As long as both sides are still making money on the transactions that do take place (and they clearly are), there's no incentive for either one to change their business model.
I'm the sort who will hear a song onscreen and have bought it before the commercial break. Can't do that much without the lyrics sites, and can't do it at all if it's scrubbed from the DVD (lack of commercial breaks notwithstanding).
So, in the world that's all about me, leave the sites alone and make the rights affordable.

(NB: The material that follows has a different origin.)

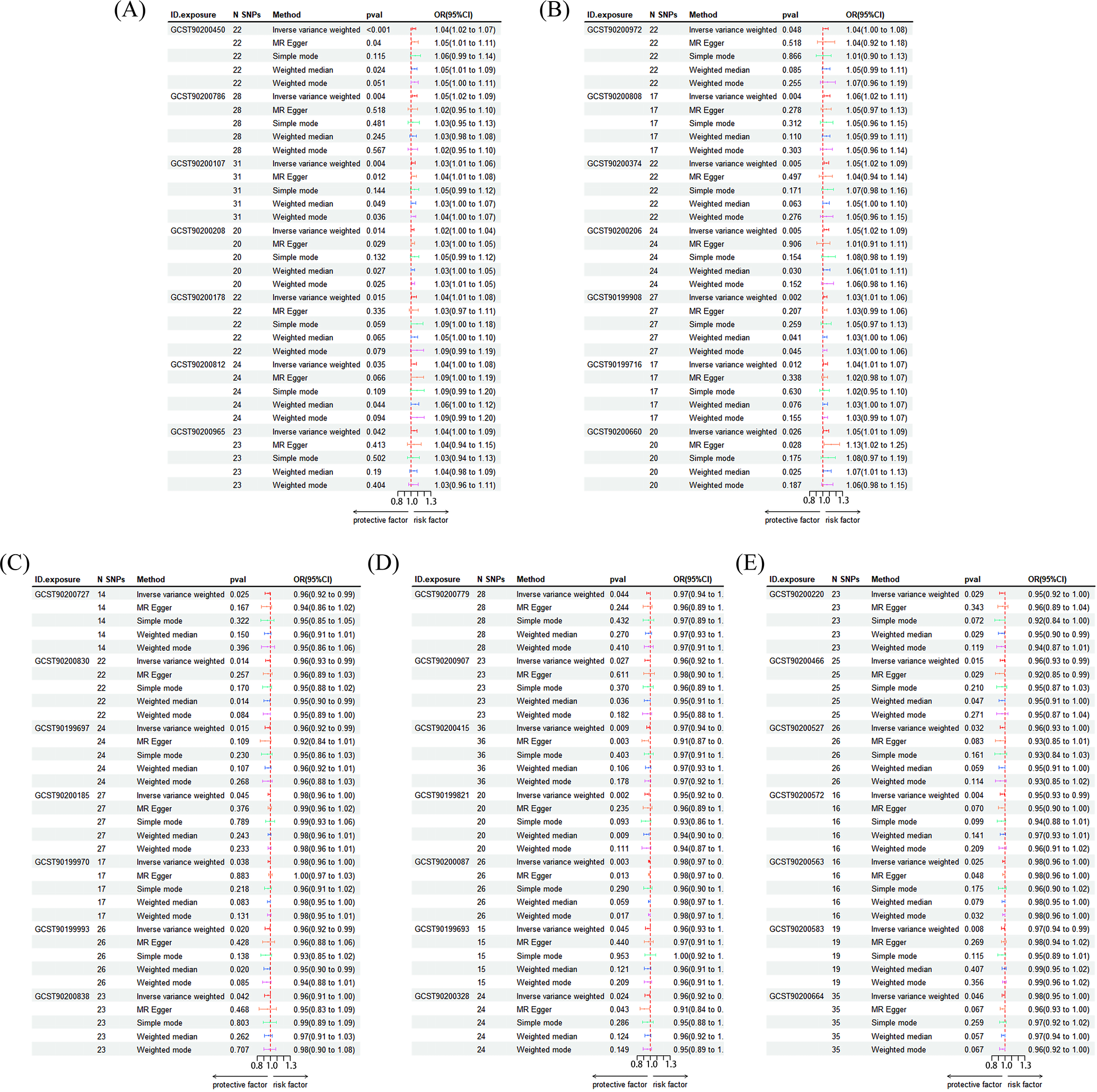 In this study, the causal relationship between metabolites and depression was assessed using the standard inverse variance weighting (IVW) method. This is a commonly used and robust technique for estimating causal effects, which accurately estimates the causal effect of exposure (metabolites) on the outcome (depression) when the instrumental variables satisfy all the core assumptions (22). To further validate the robustness of the results, the MR-Egger and weighted median (WM) methods were used as secondary assessment tools. These methods can provide complementary results to the IVW methods and help identify possible biases. Mendelian randomization analyses were conducted in the R environment using the TwoSampleMR package (version 0.6.16) and the Mendelian Randomization package (version 0.10.0), ensuring consistent and reproducible implementation of the analytical pipeline. After KEGG database matching, all metabolites with possible causality were included in the high-association metabolite pool.

Joss Whedon is my Master Now t-shirts are on clearance.
I want this.
There are a lot of songwriters out there just eking a living off of rights. It's not all Styx (which is in my head now THANKS A LOT) and if those lyrics sites started paying for content, or Universal paid what releasing Miami Vice is worth to them, it would make a big difference to them.
t /firm party line
Someone tell me that it would be perfectly fine to leave 20 minutes early.
I was never thinking about lyrics sites paying, since I see them a source of free advertisment. Sure, they're making money off ad revenue (and this is probably the whole point), but it's free to me to go look, so I do it very often. Also, the lyrics are a poor substitute for the song itself-so going to a lyric site isn't even song methadone.
I would, sarameg, but I'm still working, so you have to suffer along with me.
I was disagreeing that he's the most dour, unfunny person imaginable.
Not as long as Ann Coulter remains undead.
F&G is another show that had to fight hard to get all the music on the DVDs, and that delayed the set for a long time.
They weren't completely successful, either. Just mostly.